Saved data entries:

•••

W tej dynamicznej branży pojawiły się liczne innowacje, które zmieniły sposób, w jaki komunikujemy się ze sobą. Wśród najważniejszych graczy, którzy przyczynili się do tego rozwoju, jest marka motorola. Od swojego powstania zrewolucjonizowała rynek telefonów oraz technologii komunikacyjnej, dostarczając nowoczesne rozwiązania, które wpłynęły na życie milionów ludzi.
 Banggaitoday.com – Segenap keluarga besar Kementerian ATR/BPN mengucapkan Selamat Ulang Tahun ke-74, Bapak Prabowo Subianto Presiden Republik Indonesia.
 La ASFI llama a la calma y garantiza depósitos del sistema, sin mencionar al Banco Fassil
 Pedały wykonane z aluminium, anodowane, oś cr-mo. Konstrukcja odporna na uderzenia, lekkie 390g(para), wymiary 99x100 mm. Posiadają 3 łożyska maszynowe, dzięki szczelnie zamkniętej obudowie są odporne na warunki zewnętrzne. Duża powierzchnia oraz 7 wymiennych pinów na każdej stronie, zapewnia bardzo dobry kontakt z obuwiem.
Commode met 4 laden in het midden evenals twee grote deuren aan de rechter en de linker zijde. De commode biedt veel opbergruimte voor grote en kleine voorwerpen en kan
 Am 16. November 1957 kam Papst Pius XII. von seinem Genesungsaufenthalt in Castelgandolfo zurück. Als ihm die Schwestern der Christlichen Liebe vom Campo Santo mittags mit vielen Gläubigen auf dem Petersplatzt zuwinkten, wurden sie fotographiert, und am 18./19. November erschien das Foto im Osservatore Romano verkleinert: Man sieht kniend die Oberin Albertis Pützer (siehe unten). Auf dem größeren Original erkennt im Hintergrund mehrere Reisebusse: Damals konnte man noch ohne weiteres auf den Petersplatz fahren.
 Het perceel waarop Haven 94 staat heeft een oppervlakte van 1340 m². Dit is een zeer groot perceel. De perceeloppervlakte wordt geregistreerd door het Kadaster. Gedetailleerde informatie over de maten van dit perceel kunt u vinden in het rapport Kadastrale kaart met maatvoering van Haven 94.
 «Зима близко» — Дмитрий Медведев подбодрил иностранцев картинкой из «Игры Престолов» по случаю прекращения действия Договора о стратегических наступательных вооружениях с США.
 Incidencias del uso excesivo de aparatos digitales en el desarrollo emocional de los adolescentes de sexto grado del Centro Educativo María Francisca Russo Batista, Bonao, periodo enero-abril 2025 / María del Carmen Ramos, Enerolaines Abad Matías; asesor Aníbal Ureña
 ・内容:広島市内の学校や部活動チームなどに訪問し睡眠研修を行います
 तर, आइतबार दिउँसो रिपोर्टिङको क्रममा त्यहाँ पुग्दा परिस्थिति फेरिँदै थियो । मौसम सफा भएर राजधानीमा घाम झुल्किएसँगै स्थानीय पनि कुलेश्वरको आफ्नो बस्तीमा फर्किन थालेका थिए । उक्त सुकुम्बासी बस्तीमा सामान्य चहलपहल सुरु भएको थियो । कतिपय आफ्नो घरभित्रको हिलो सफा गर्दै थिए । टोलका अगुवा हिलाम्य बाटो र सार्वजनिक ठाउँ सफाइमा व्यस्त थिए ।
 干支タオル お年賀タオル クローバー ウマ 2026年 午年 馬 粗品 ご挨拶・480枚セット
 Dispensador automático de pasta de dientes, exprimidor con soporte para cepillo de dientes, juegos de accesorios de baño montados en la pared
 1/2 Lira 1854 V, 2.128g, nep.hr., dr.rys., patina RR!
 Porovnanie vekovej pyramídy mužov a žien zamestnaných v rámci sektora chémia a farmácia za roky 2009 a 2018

•••

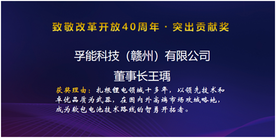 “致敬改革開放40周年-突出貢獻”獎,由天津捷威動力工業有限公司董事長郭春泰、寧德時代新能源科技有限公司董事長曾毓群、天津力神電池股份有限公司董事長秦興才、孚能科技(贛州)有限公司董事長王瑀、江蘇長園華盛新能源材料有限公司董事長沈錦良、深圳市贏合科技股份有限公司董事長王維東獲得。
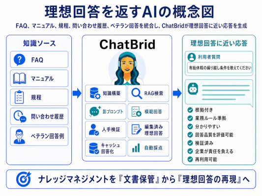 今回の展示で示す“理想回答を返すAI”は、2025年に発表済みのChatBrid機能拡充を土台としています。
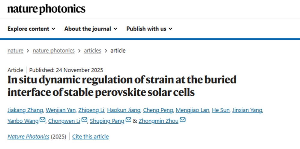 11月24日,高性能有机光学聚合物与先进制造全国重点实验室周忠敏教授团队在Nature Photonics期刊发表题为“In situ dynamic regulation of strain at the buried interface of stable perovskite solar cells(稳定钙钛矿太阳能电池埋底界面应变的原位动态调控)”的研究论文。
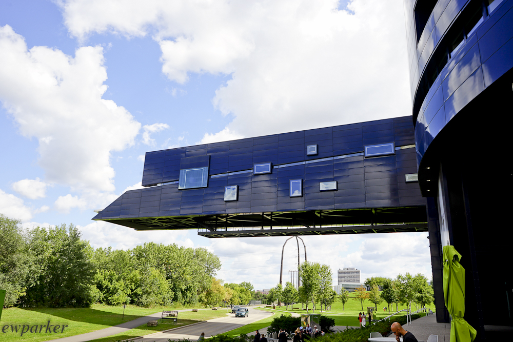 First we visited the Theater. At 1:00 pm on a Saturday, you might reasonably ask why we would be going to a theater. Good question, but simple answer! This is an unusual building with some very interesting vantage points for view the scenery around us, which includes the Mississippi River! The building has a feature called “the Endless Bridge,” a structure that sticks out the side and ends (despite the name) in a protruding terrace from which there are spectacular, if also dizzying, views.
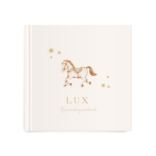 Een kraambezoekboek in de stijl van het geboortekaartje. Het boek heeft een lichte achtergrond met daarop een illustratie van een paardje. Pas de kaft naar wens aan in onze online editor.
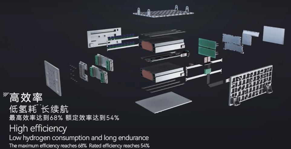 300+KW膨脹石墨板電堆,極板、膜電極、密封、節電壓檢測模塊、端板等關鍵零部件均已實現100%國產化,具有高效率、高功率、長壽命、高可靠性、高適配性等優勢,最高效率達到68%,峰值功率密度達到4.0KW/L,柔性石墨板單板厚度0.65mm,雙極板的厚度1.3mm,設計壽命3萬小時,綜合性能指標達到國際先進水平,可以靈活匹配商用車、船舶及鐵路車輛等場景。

•••

> **Requirement**
Show all lines in the records above that hold "oraz".

> **Exercise response**
W tej dynamicznej branży pojawiły się liczne innowacje, które zmieniły sposób, w jaki komunikujemy się ze sobą. Wśród najważniejszych graczy, którzy przyczynili się do tego rozwoju, jest marka motorola. Od swojego powstania zrewolucjonizowała rynek telefonów oraz technologii komunikacyjnej, dostarczając nowoczesne rozwiązania, które wpłynęły na życie milionów ludzi.
 Pedały wykonane z aluminium, anodowane, oś cr-mo. Konstrukcja odporna na uderzenia, lekkie 390g(para), wymiary 99x100 mm. Posiadają 3 łożyska maszynowe, dzięki szczelnie zamkniętej obudowie są odporne na warunki zewnętrzne. Duża powierzchnia oraz 7 wymiennych pinów na każdej stronie, zapewnia bardzo dobry kontakt z obuwiem.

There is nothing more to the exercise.